The algorithm parameter takes either:
- SAMME or,
- SAMME.R (default; this typically converges faster than SAMME)
Predicting the test set results:
y_pred_abc = abc.predict(X_test)
Creating the confusion matrix & calculating accuracy score:
from sklearn.metrics import confusion_matrix, accuracy_score
cm = confusion_matrix(y_test, y_pred_abc)
print (cm)acc_abc = accuracy_score(y_test, y_pred_abc)
print (acc_abc)
9. Quadratic Discriminant Analysis
A quadratic classifier is statistical classifier that uses a quadratic decision surface to separate measurements of two or more classes of objects or events.
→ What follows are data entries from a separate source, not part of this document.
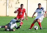 יוסי הייקושלר(באדום)מנסה להתל במני לוי מרמת ישראל.(צילום:אמיר דבי)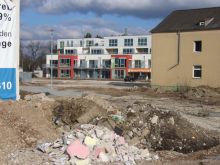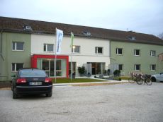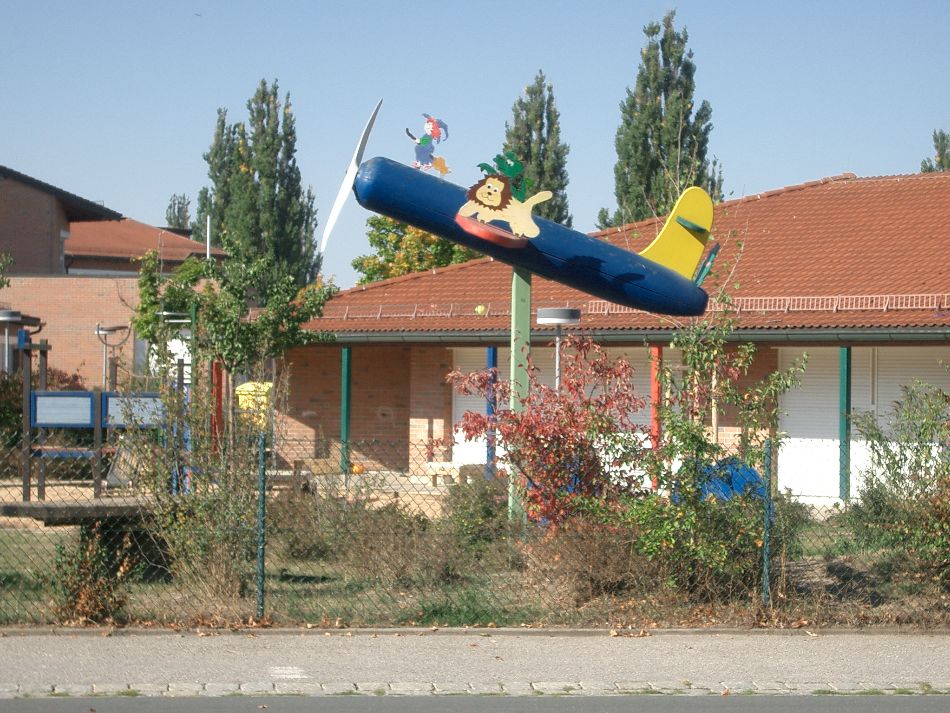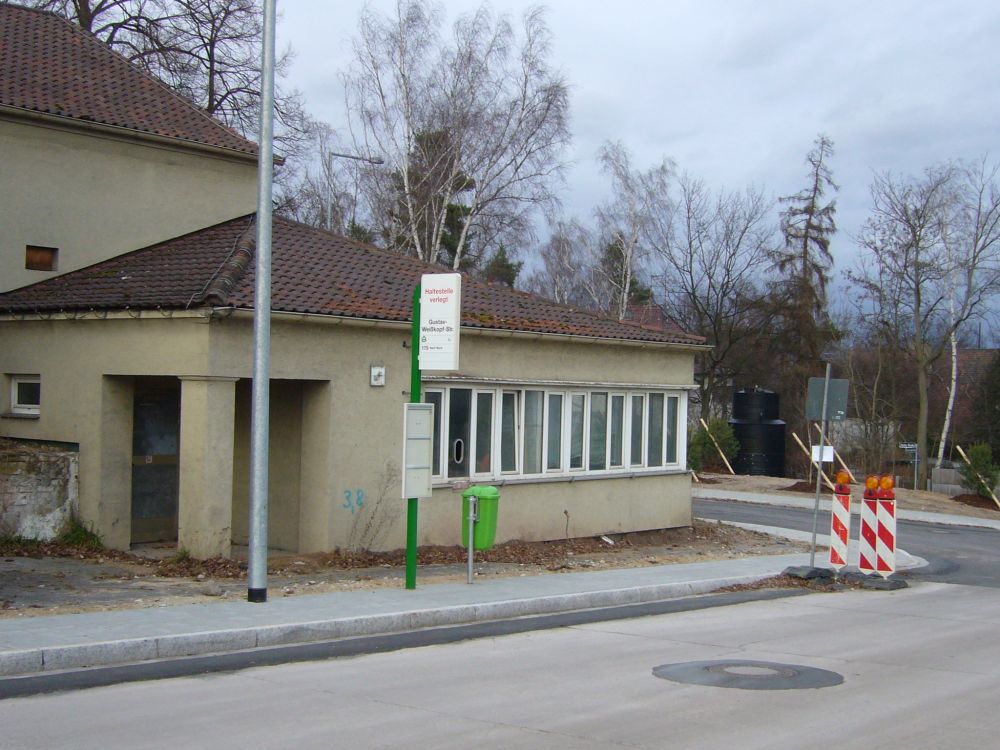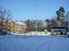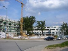 ![]() The street is named Willy-Messerschmidt-Straße. In the back: the former hospital. |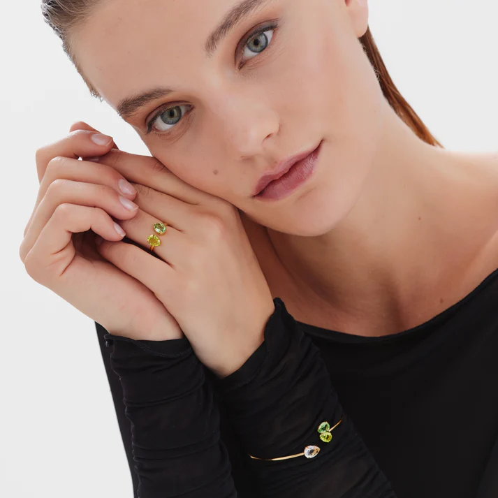 Ένα κόσμημα που μοιάζει να γεννήθηκε μέσα από την καρδιά της φύσης 🌿 Το δαχτυλίδι “Δύναμη της Φύσης” της VICTORIA CRUZ συνδυάζει δύο μοναδικές πράσινες πέτρες σε διαφορετικές αποχρώσεις, τοποθετημένες αντικριστά πάνω σε μια πολυτελή επιχρυσωμένη βάση.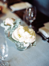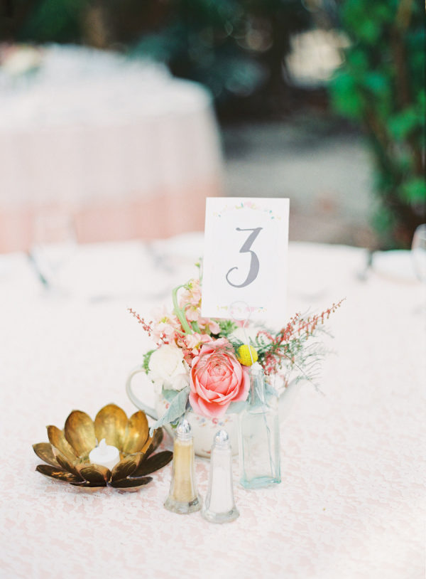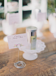 Jorge loves classic English cinema and I love tea and anything floral so we were inspired by our likes and decided to have a romantic floral garden tea-party wedding. Throughout the year, I collected vintage teapots, tea cups, vases and any floral inspired decor. On one of my many trips to the thrift store, I spotted two wicker heart-shaped chairs; like a cartoon character with bulging hearts for eyes, I fell in love with them immediately! They were so perfect for our wedding. I later found out, via Pinterest, that Kate Moss had the exact same chairs at her wedding! Made me love our chairs even more. We truly love all of our guests and since it was relatively small wedding we were able to add special touches to make them feel loved. One of my favorites was the spool place card holders. Jorge’s dad cut about 80 spools by hand! I then had my lovely bridesmaids help me stain them and finally wrap them with mint colored lace. Our guests loved to see their name displayed in such cute way. We also found some awesome cardboard teaspoons online that we used as escort cards. Each of them had a fun trivia question on the back to strike up a conversation. As favors, we gave each guest tea bags so they could go by our tea station and pick their favorite flavored loose tea to take home.

It is a more general version of the linear classifier. — Wikipedia
This has no hyperparameters to tune.
Implementation
Training the quadratic discriminant analysis model (reference library) on the training set:
from sklearn.discriminant_analysis \
import QuadraticDiscriminantAnalysis
qda = QuadraticDiscriminantAnalysis()
qda.fit(X_train, y_train)

Predicting the test set results:
y_pred_qda = qda.predict(X_test)
Making the confusion matrix & calculating accuracy score:
from sklearn.metrics import confusion_matrix, accuracy_score
cm = confusion_matrix(y_test, y_pred_qda)
print (cm)acc_qda = accuracy_score(y_test, y_pred_qda)
print (acc_qda)

10. MLP Classifier
Multi-Layer Perceptron (MLP) is a class of artificial neural network (ANN). It has at-least three layers of nodes: an input layer, a hidden layer and an output layer.

Implementation
Training the MLP classifier model (reference library) on the training set:
from sklearn.neural_network import MLPClassifier
mlp = MLPClassifier(alpha=1, max_iter=1000)
mlp.fit(X_train, y_train)

Predicting the test set results:
y_pred_mlp = mlp.predict(X_test)
Making the confusion matrix & calculating accuracy score:
from sklearn.metrics import confusion_matrix, accuracy_score
cm = confusion_matrix(y_test, y_pred_mlp)
print (cm)acc_mlp = accuracy_score(y_test, y_pred_mlp)
print (acc_mlp)

Conclusion
Scikit Learn is a single-node framework and contains various effective tools for predictive data analysis. This works well for limited data. In case we need to work with massive amount of data, we can try Apache Spark MLlib.